Exercise aim: This task calls for the lines below starting at the one containing "Botin de Tacon" and ending at the one containing "Hell ‘n Reddy_6", repeated exactly with both ends kept and pictures left out.

Material to process:

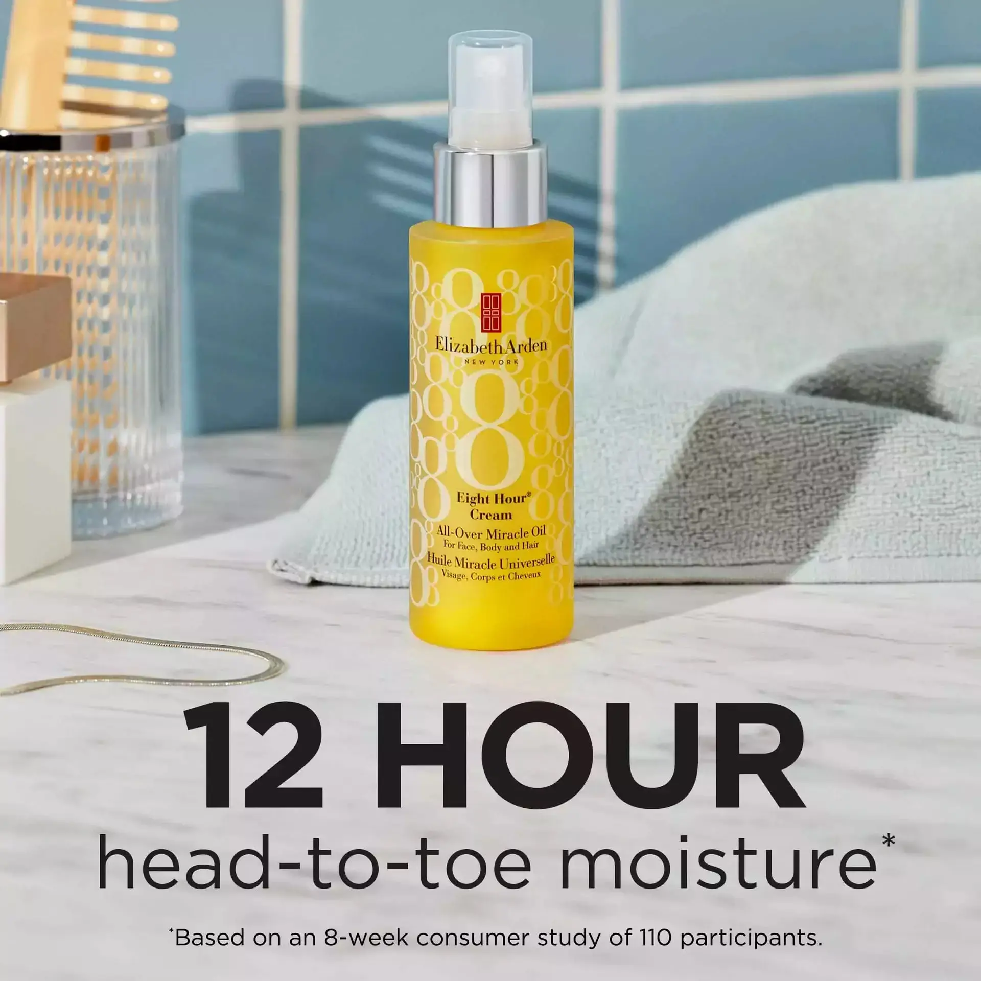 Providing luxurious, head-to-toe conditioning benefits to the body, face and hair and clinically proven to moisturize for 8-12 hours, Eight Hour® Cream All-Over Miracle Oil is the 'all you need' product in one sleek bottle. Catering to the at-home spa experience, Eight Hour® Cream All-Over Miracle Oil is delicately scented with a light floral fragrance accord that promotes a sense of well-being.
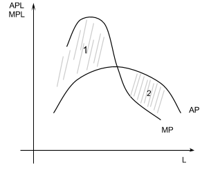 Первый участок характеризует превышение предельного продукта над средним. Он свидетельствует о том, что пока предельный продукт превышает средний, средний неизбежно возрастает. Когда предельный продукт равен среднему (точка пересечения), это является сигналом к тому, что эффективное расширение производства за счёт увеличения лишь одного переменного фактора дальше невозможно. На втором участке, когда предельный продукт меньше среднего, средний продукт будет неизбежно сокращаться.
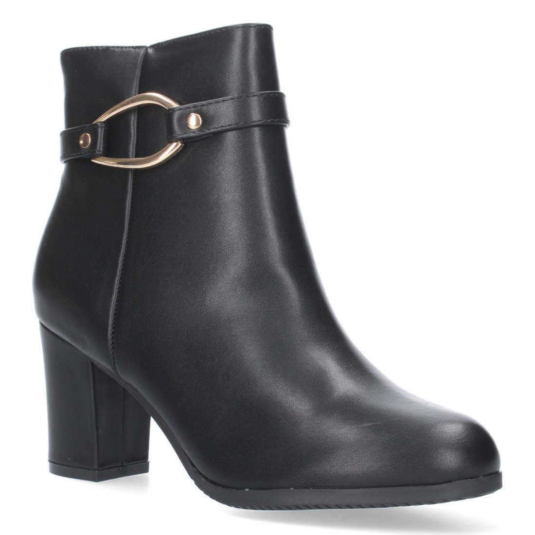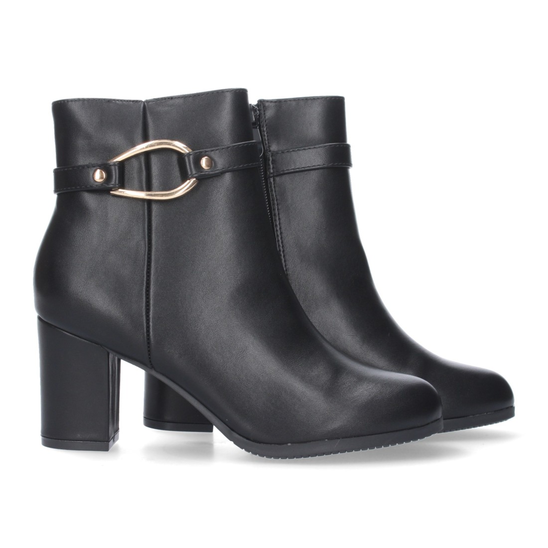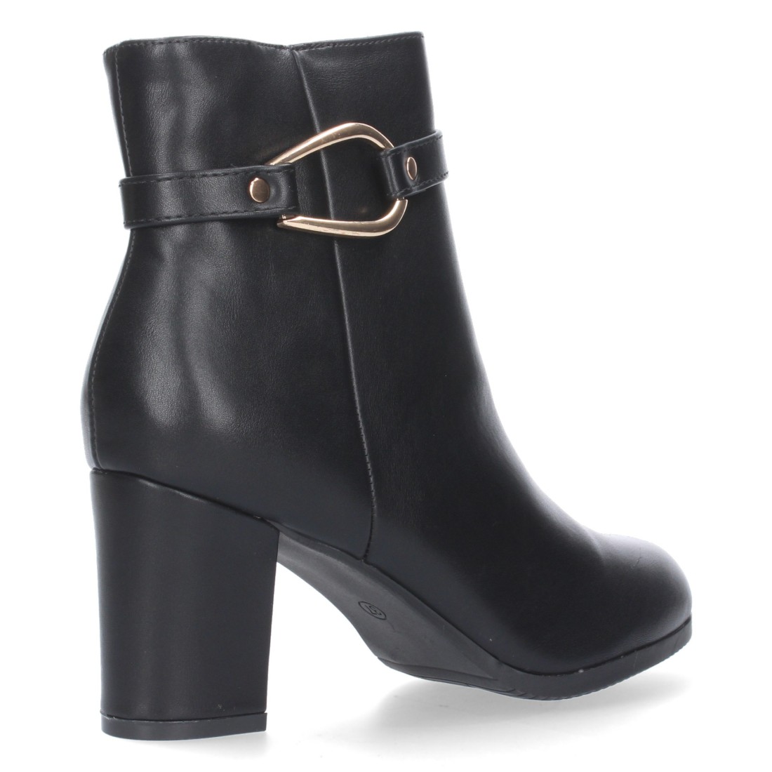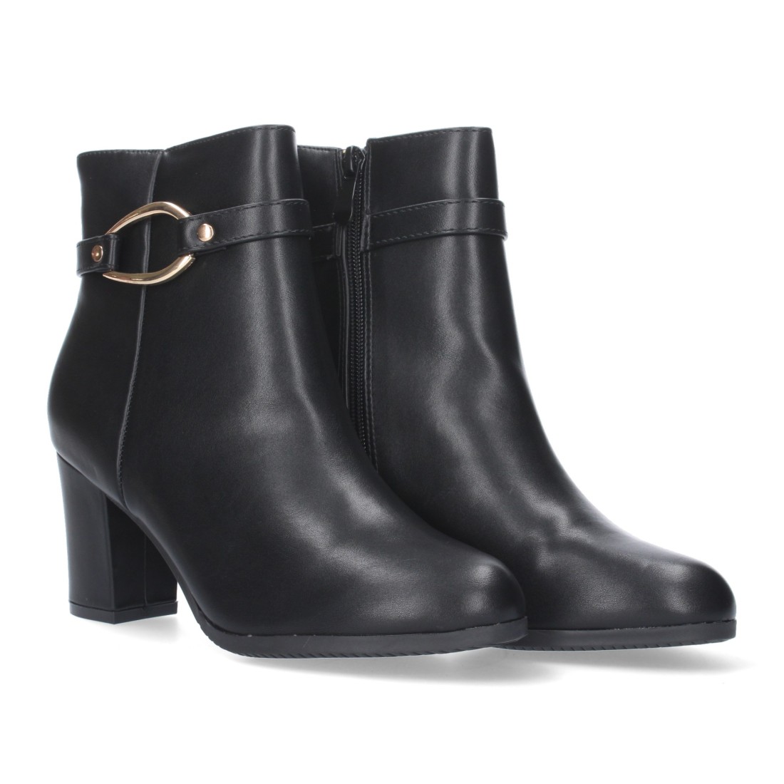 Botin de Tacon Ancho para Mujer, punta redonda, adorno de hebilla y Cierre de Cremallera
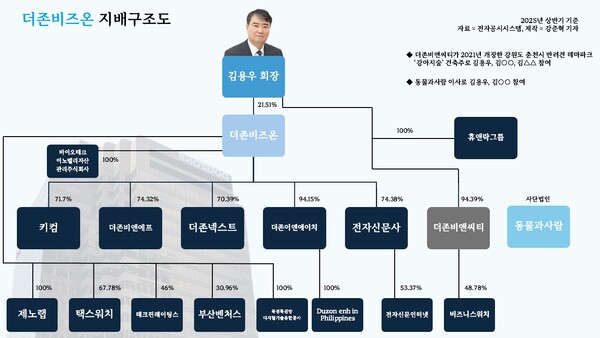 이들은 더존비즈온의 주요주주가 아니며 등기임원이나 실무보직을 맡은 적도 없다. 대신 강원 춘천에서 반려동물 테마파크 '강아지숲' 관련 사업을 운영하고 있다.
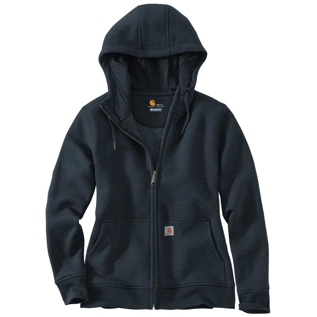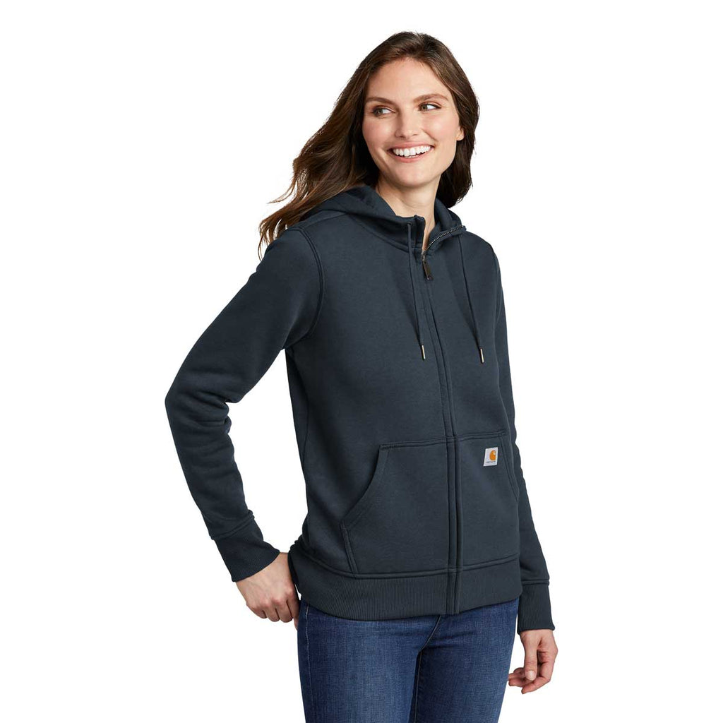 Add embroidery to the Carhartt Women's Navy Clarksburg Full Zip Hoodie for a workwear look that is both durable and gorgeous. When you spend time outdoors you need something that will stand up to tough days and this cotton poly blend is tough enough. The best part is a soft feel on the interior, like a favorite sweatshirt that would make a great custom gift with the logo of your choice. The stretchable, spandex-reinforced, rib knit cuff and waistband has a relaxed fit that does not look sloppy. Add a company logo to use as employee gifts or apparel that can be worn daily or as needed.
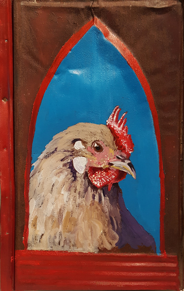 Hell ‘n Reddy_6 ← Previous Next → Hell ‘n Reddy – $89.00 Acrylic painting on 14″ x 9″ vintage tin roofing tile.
--
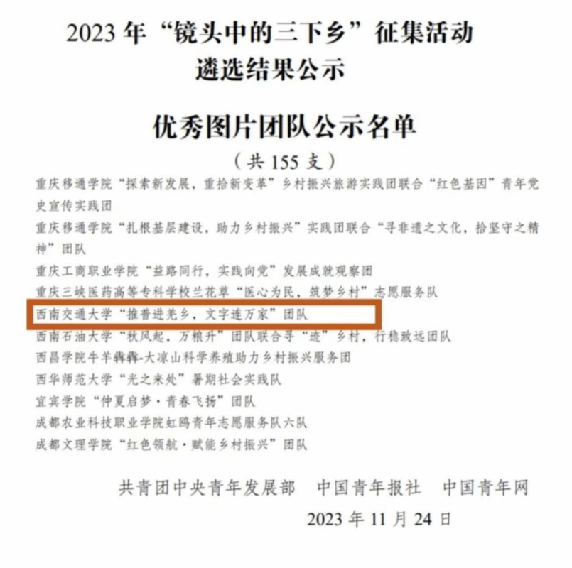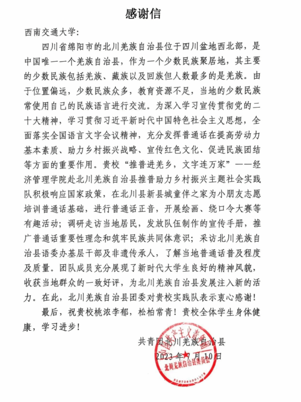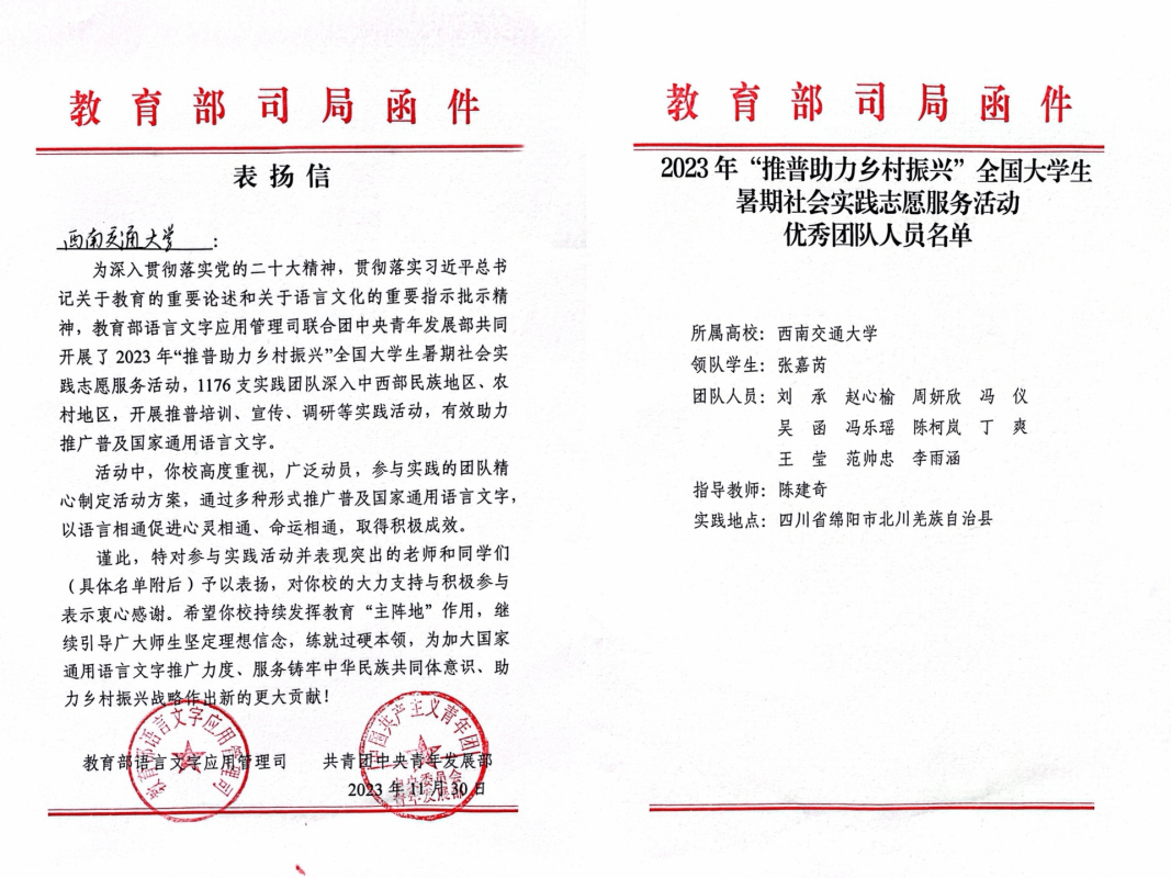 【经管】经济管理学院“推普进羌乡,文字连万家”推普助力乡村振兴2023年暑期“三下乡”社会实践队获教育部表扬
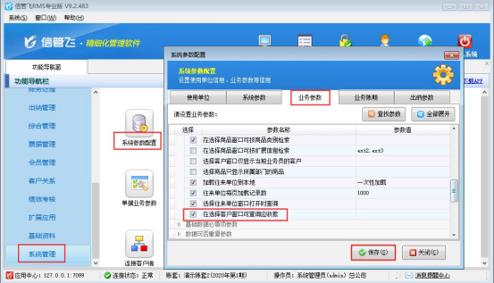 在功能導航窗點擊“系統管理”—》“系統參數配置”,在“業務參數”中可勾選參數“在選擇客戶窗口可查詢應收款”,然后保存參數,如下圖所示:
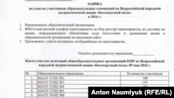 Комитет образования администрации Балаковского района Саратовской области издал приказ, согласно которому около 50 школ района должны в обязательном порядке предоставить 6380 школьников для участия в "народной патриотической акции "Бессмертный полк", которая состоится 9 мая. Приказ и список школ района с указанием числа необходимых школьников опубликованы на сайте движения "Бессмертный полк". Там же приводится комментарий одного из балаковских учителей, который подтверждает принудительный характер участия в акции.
==
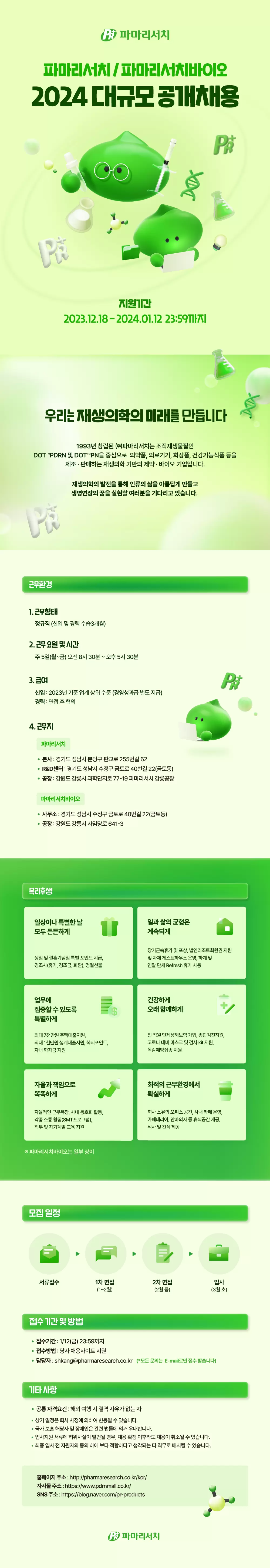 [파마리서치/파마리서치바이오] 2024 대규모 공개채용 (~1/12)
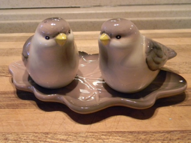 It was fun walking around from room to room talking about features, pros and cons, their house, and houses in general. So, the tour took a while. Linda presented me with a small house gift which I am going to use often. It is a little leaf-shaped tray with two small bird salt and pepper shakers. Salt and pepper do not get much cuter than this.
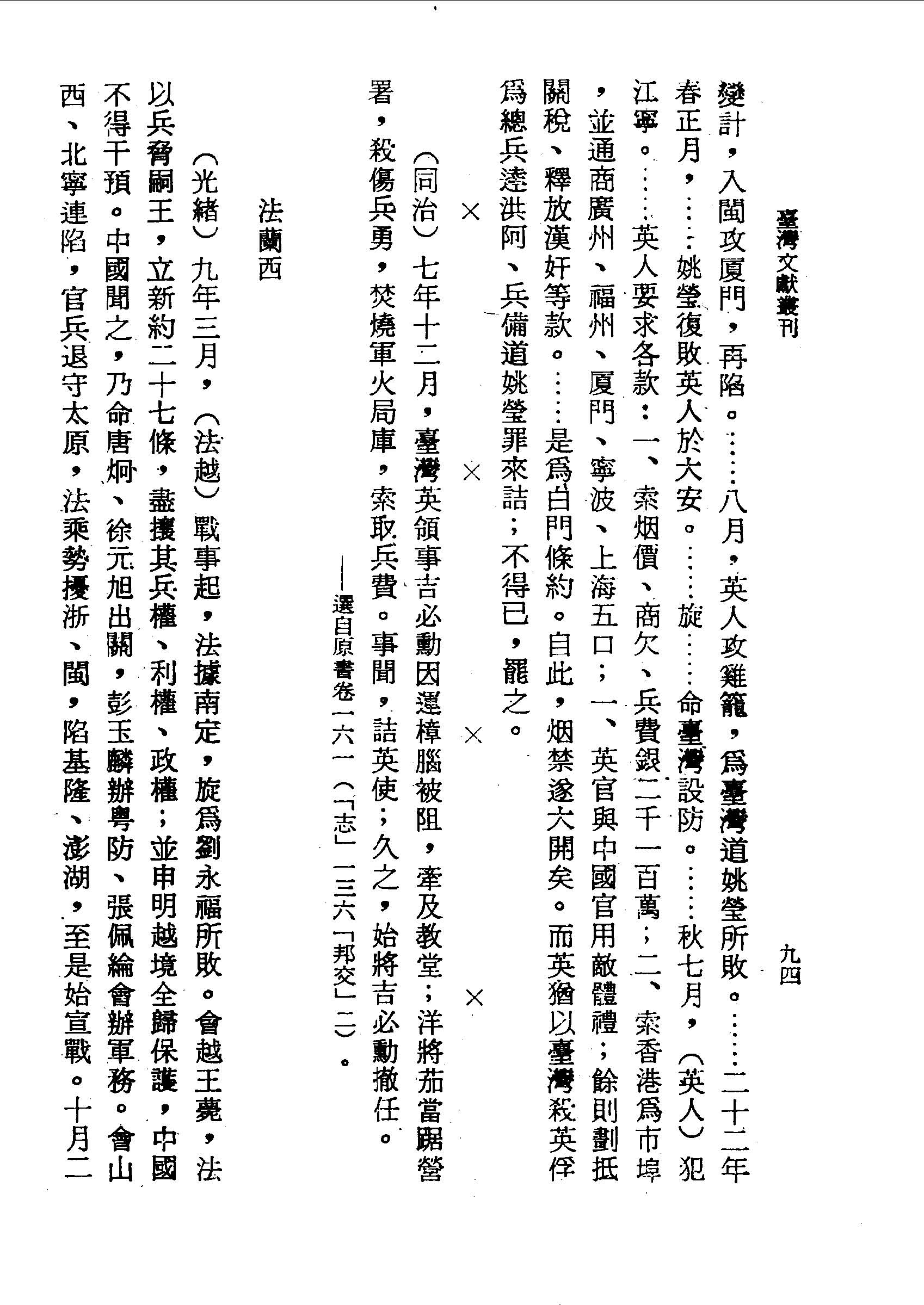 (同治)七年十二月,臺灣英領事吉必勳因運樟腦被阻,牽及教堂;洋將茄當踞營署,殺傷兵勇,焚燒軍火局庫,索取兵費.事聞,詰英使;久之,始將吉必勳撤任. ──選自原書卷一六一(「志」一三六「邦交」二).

Your solution:
 Botin de Tacon Ancho para Mujer, punta redonda, adorno de hebilla y Cierre de Cremallera
 이들은 더존비즈온의 주요주주가 아니며 등기임원이나 실무보직을 맡은 적도 없다. 대신 강원 춘천에서 반려동물 테마파크 '강아지숲' 관련 사업을 운영하고 있다.
 Add embroidery to the Carhartt Women's Navy Clarksburg Full Zip Hoodie for a workwear look that is both durable and gorgeous. When you spend time outdoors you need something that will stand up to tough days and this cotton poly blend is tough enough. The best part is a soft feel on the interior, like a favorite sweatshirt that would make a great custom gift with the logo of your choice. The stretchable, spandex-reinforced, rib knit cuff and waistband has a relaxed fit that does not look sloppy. Add a company logo to use as employee gifts or apparel that can be worn daily or as needed.
 Hell ‘n Reddy_6 ← Previous Next → Hell ‘n Reddy – $89.00 Acrylic painting on 14″ x 9″ vintage tin roofing tile.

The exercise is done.